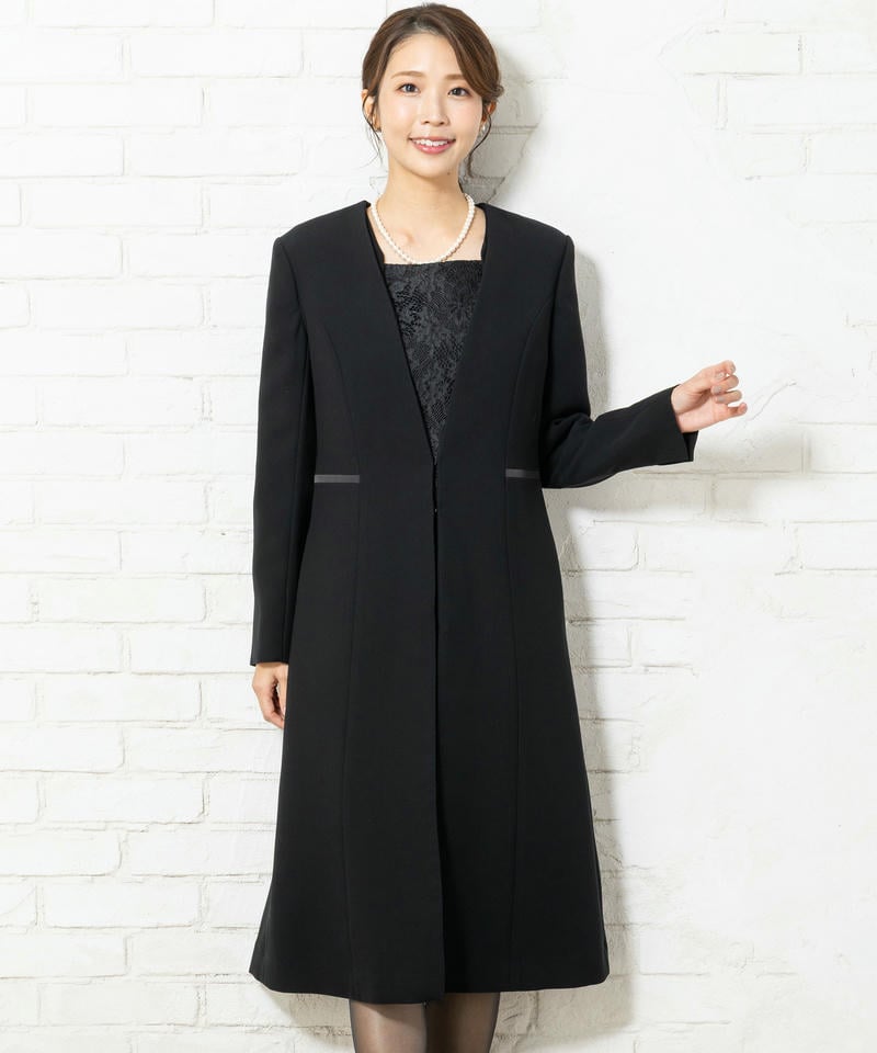 ロングコートを羽織ったかのような、現代的なデザインのブラックフォーマルアンサンブル。慶弔両用で着用いただける一着です。
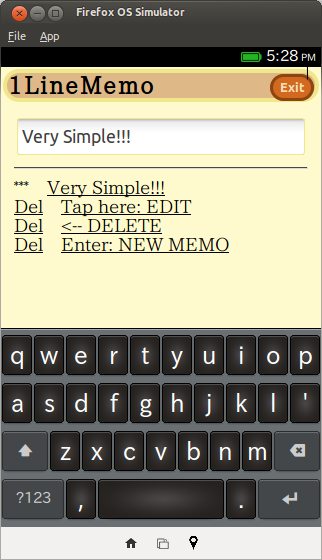 Simple 1 Line memo. *** How to use Enter: Create new memo. Select memo title: Edit the memo. Select [Del]: Delete the memo. Exit: Quit this application.
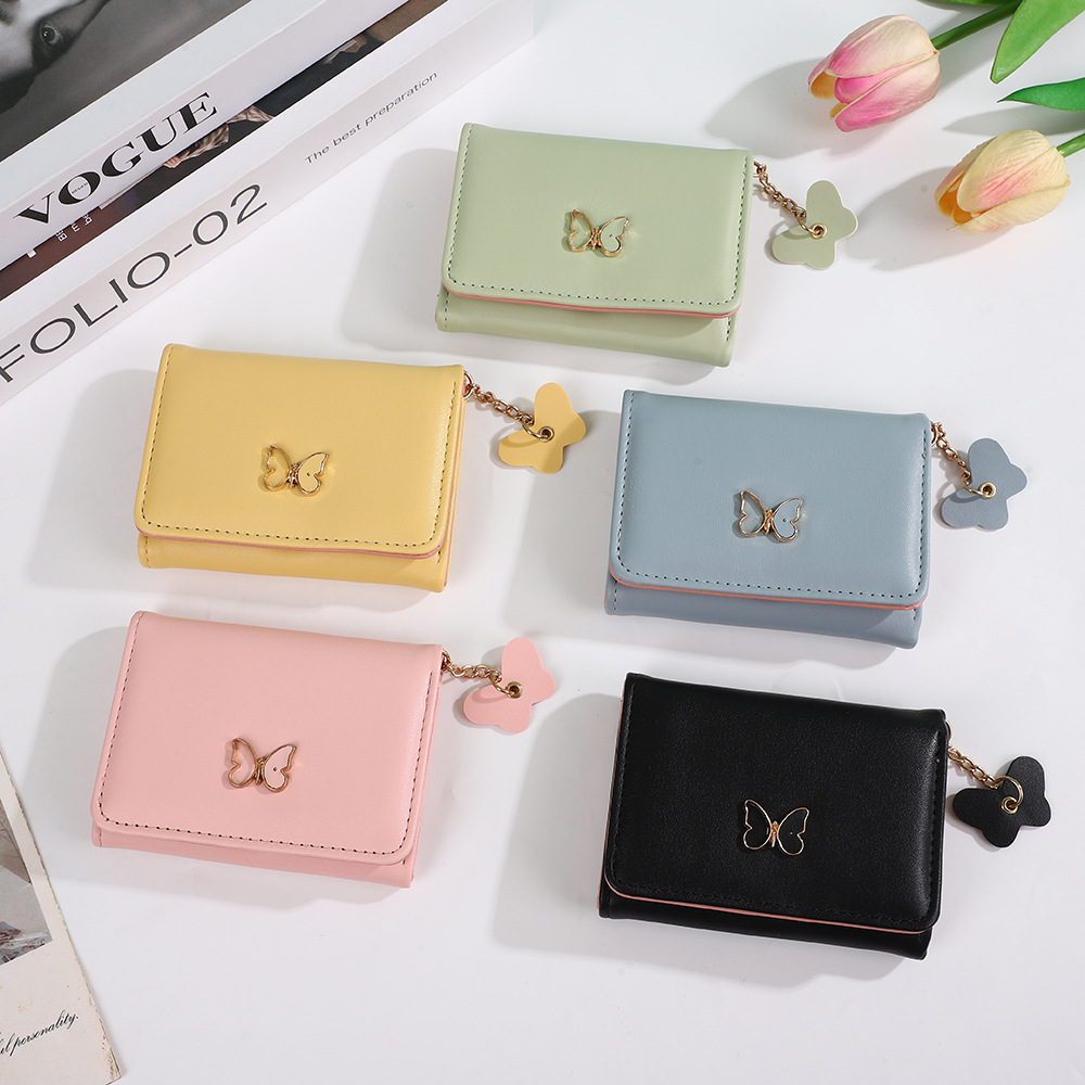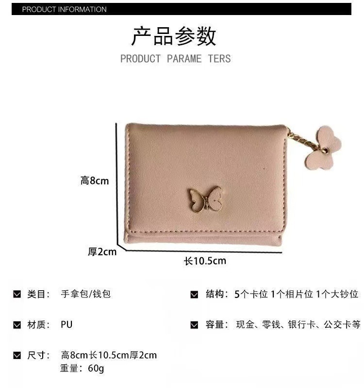 TJ2103# 韩版可爱小钱包蝴蝶挂件短款钱夹卡包一体女学生卡通高颜值零批发
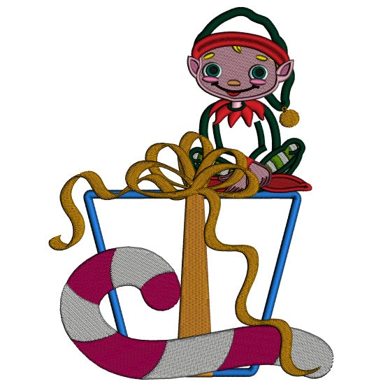Cute Boy Elf With Presents Christmas Applique Machine Embroidery Digitized Design Pattern
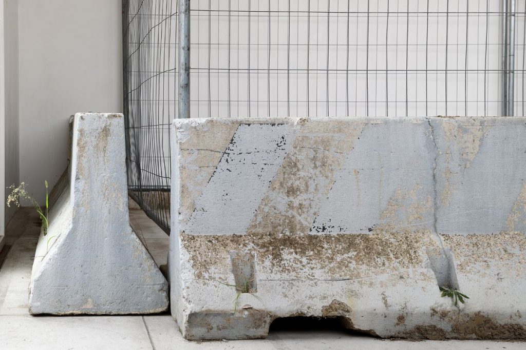 Dopo la personale nelle sale di Palazzo Fabroni del 2021, Giovanni Termini torna a Pistoia per presentare la sua recentissima produzione e a stravolgere, come suo consueto, lo spazio, accogliendo/respingendo lo spettatore con l’installazione “La misura di un intervallo” (2022), che divide realmente in due parti la galleria, creando una grande gabbia di reti metalliche fermate da barriere Jersey in cemento.
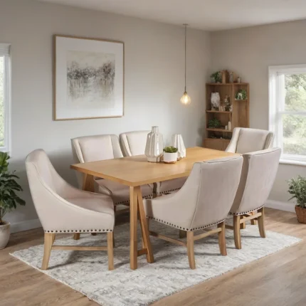 Original price was: ₹219,999.00.₹105,599.00Current price is: ₹105,599.00.Larkhaven Fabric Upholstered and Natural Solid Wood Dining Set
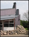 Den lilla træbeklædning, zinktage og store kampesten præger husets fremtoning.

====================

### Problem to work on
Copy only what lies between the line with "Simple 1 Line" and the line with "Cute Boy Elf", those two lines included, exactly as given above; pictures stay out.

### Written reply
 Simple 1 Line memo. *** How to use Enter: Create new memo. Select memo title: Edit the memo. Select [Del]: Delete the memo. Exit: Quit this application.
 TJ2103# 韩版可爱小钱包蝴蝶挂件短款钱夹卡包一体女学生卡通高颜值零批发
Cute Boy Elf With Presents Christmas Applique Machine Embroidery Digitized Design Pattern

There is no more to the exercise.